## Your instructions
In the data below, the copy begins at the line containing "2. To verify" and runs through the last line; repeat those lines exactly, minus the pictures.

## Available data
************

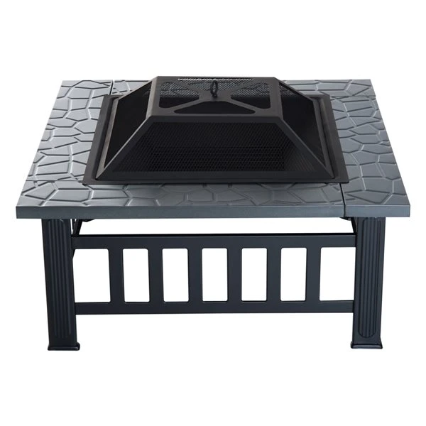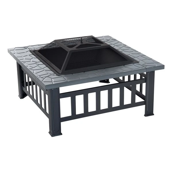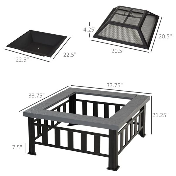 Foyer Au Bois Pour L’extérieur Par Outsunny Carré En Acier Noir
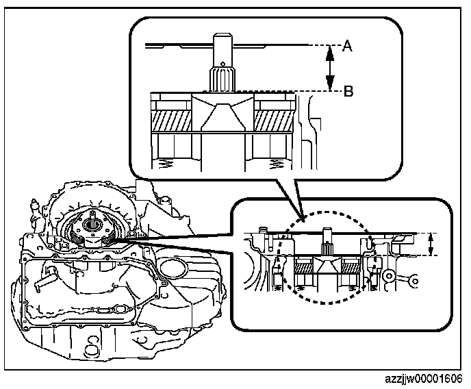 2. To verify that the rear planetary gear is securely assembled, measure the distance shown in the figure.
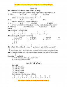 ĐÁP ÁN ĐỀ SỐ 045 Bài 1: 2đ Câu 1: B (0,5 điểm) Câu 2: D (0,5 điểm) Câu 3: D (0,5 điểm) Câu 4: C (0,5 điểm
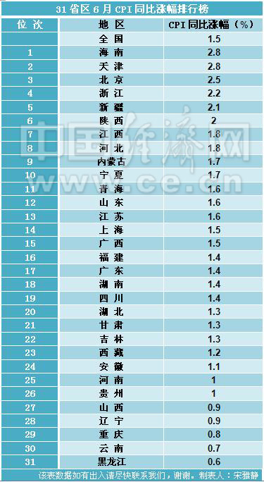 31省區(qū)6月CPI同比漲幅排行榜。制表人:宋雅靜

************

## Answer section
 2. To verify that the rear planetary gear is securely assembled, measure the distance shown in the figure.
 ĐÁP ÁN ĐỀ SỐ 045 Bài 1: 2đ Câu 1: B (0,5 điểm) Câu 2: D (0,5 điểm) Câu 3: D (0,5 điểm) Câu 4: C (0,5 điểm
 31省區(qū)6月CPI同比漲幅排行榜。制表人:宋雅靜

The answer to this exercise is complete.